### Dataset content

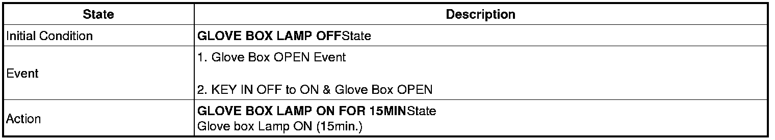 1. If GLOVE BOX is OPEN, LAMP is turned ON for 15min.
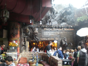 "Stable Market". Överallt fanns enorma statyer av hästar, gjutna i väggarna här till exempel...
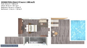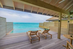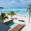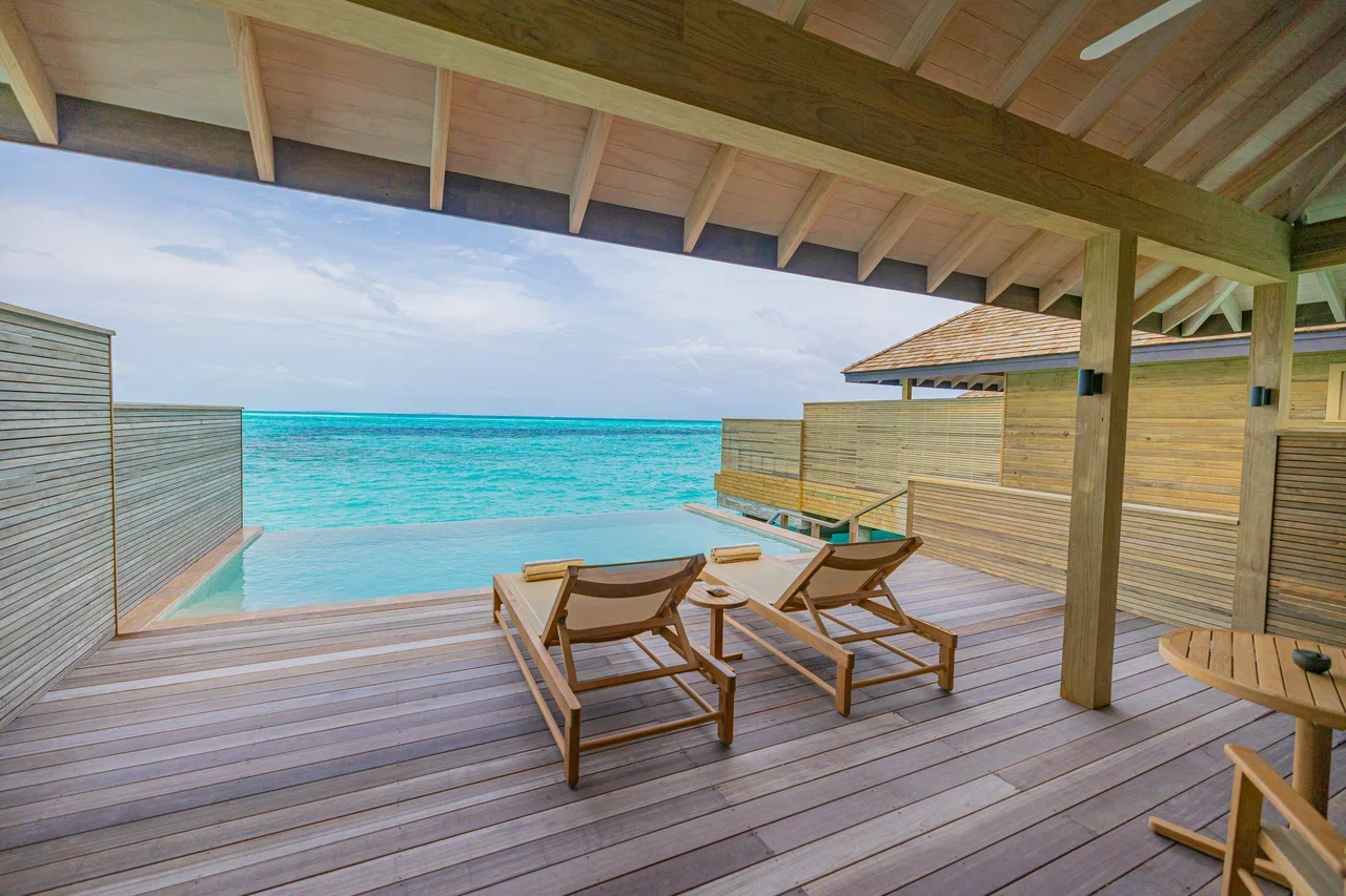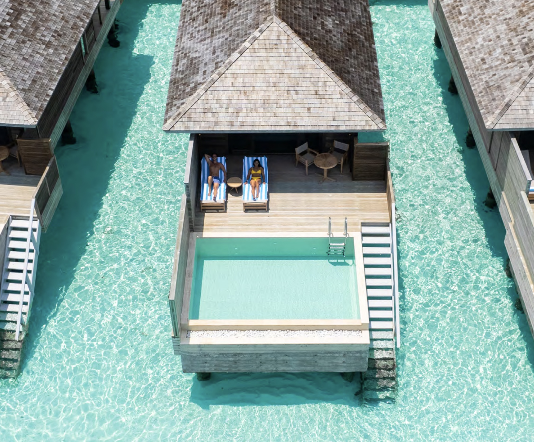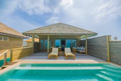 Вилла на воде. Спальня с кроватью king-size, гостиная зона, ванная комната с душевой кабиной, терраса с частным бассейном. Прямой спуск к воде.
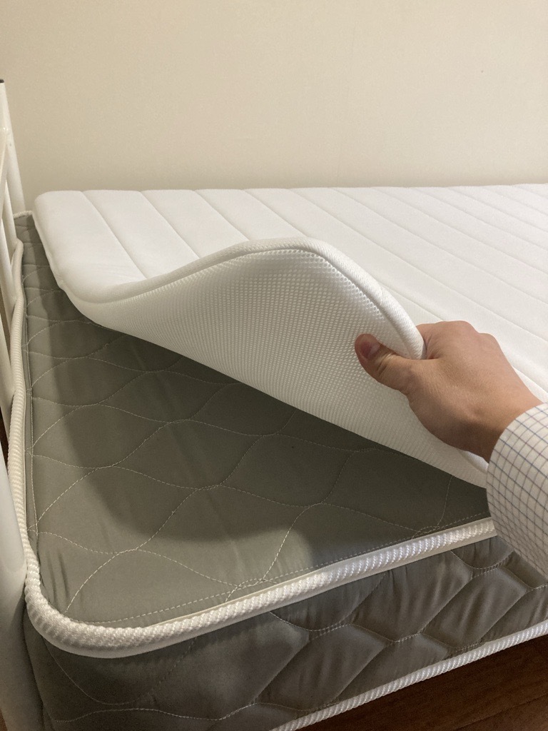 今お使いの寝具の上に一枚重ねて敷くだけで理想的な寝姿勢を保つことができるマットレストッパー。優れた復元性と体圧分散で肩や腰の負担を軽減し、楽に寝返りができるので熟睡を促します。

### Task prompt
Restate word for word only the lines from the one with "Вилла на воде." through the last line of the material, both included. Any picture should be left out.

### Your solution
 Вилла на воде. Спальня с кроватью king-size, гостиная зона, ванная комната с душевой кабиной, терраса с частным бассейном. Прямой спуск к воде.
 今お使いの寝具の上に一枚重ねて敷くだけで理想的な寝姿勢を保つことができるマットレストッパー。優れた復元性と体圧分散で肩や腰の負担を軽減し、楽に寝返りができるので熟睡を促します。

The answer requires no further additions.